Splunk® Enterprise

Getting Data In

Download manual as PDF

Splunk version 4.x reached its End of Life on October 1, 2013. Please see the migration information.
This documentation does not apply to the most recent version of Splunk. Click here for the latest version.
Download topic as PDF

Anonymize data

You might want to mask sensitive personal data when indexing log events. Credit card numbers and social security numbers are two examples of data that you might not want to appear in a Splunk index. This topic describes how to mask part of confidential fields so that privacy is protected but there is enough of the data remaining to be able to use it to trace events.

Splunk lets you anonymize data in two ways:

  • Through a regex transform
  • Through a sed script

Through a regex transform

You can configure transforms.conf to mask data by means of regex expressions.

This example masks all but the last four characters of fields SessionId and Ticket number in an application server log.

An example of the desired output:

SessionId=###########7BEA&Ticket=############96EE

A sample input:

"2006-09-21, 02:57:11.58",  122, 11, "Path=/LoginUser Query=CrmId=ClientABC&
ContentItemId=TotalAccess&SessionId=3A1785URH117BEA&Ticket=646A1DA4STF896EE&
SessionTime=25368&ReturnUrl=http://www.clientabc.com, Method=GET,IP=209.51.249.195,
Content=", ""
"2006-09-21, 02:57:11.60",  122, 15, "UserData:<User CrmId="clientabc" 
UserId="p12345678"><EntitlementList></EntitlementList></User>", ""
"2006-09-21, 02:57:11.60",  122, 15, "New Cookie: SessionId=3A1785URH117BEA&
Ticket=646A1DA4STF896EE&CrmId=clientabcUserId=p12345678&AccountId=&AgentHost=man&
AgentId=man, MANUser: Version=1&Name=&Debit=&Credit=&AccessTime=&BillDay=&Status=
&Language=&Country=&Email=&EmailNotify=&Pin=&PinPayment=&PinAmount=&PinPG=
&PinPGRate=&PinMenu=&", ""

To mask the data, modify the props.conf and transforms.conf files in your $SPLUNK_HOME/etc/system/local/ directory.

Configure props.conf

Edit $SPLUNK_HOME/etc/system/local/props.conf and add the following stanza:

[<spec>]
TRANSFORMS-anonymize = session-anonymizer, ticket-anonymizer

Note the following:

  • <spec> must be one of the following:
    • <sourcetype>, the source type of an event.
    • host::<host>, where <host> is the host of an event.
    • source::<source>, where <source> is the source of an event.
  • In this example, session-anonymizer and ticket-anonymizer are arbitrary TRANSFORMS class names whose actions are defined in stanzas in a corresponding transforms.conf file. Use the class names you create in transforms.conf.

Configure transforms.conf

In $SPLUNK_HOME/etc/system/local/transforms.conf, add your TRANSFORMS:

[session-anonymizer]
REGEX = (?m)^(.*)SessionId=\w+(\w{4}[&"].*)$
FORMAT = $1SessionId=########$2
DEST_KEY = _raw
[ticket-anonymizer]
REGEX = (?m)^(.*)Ticket=\w+(\w{4}&.*)$
FORMAT = $1Ticket=########$2
DEST_KEY = _raw

Note the following:

  • REGEX should specify the regular expression that will point to the string in the event you want to anonymize.

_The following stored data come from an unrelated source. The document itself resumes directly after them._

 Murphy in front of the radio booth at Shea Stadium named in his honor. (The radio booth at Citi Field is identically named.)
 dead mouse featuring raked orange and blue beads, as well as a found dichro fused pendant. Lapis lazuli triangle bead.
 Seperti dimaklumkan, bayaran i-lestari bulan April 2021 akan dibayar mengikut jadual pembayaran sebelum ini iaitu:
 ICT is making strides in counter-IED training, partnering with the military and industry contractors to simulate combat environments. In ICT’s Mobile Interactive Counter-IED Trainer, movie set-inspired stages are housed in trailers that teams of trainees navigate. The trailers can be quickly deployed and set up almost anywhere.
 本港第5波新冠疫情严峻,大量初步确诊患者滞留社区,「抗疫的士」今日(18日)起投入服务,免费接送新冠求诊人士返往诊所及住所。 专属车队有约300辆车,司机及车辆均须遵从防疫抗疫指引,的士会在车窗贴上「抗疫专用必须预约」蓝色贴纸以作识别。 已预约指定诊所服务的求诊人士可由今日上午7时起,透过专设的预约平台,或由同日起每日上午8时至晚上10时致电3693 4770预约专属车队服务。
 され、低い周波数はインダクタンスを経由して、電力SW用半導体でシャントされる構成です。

Note: The regex processor can't handle multi-line events. To get around this you need to specify that the event is multi-line. Place (?m) before the regular expression in transforms.conf.

  • FORMAT specifies the masked values. $1 is all the text leading up to the regex and $2 is all the text of the event after the regex.
  • DEST_KEY = _raw specifies to write the value from FORMAT to the raw value in the log - thus modifying the event.

Through a sed script

You can also anonymize your data by using a sed script to replace or substitute strings in events.

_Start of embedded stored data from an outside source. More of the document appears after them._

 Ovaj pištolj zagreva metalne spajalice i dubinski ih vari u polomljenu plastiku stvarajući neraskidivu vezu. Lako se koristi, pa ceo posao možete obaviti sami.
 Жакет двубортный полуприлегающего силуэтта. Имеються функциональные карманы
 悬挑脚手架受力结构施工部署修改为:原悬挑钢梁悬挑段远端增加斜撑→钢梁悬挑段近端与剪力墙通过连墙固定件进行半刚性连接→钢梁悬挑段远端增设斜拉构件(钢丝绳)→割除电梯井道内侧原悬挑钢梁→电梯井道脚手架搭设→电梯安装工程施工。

Most UNIX users are familiar with sed, a Unix utility which reads a file and modifies the input as specified by a list of commands. Splunk lets you use sed-like syntax in props.conf to anonymize your data.

Define the sed script in props.conf

Edit or create a copy of props.conf in $SPLUNK_HOME/etc/system/local.

Create a props.conf stanza that uses SEDCMD to indicate a sed script:

[<spec>]
SEDCMD-<class> = <sed script>

Note the following:

  • <spec> must be one of the following:
    • <sourcetype>, the source type of an event.
    • host::<host>, where <host> is the host of an event.
    • source::<source>, where <source> is the source of an event.
  • The sed script applies only to the _raw field at index time. Splunk currently supports the following subset of sed commands:
    • replace (s)
    • character substitution (y).

Note: After making changes to props.conf, restart Splunk to enable the configuration changes.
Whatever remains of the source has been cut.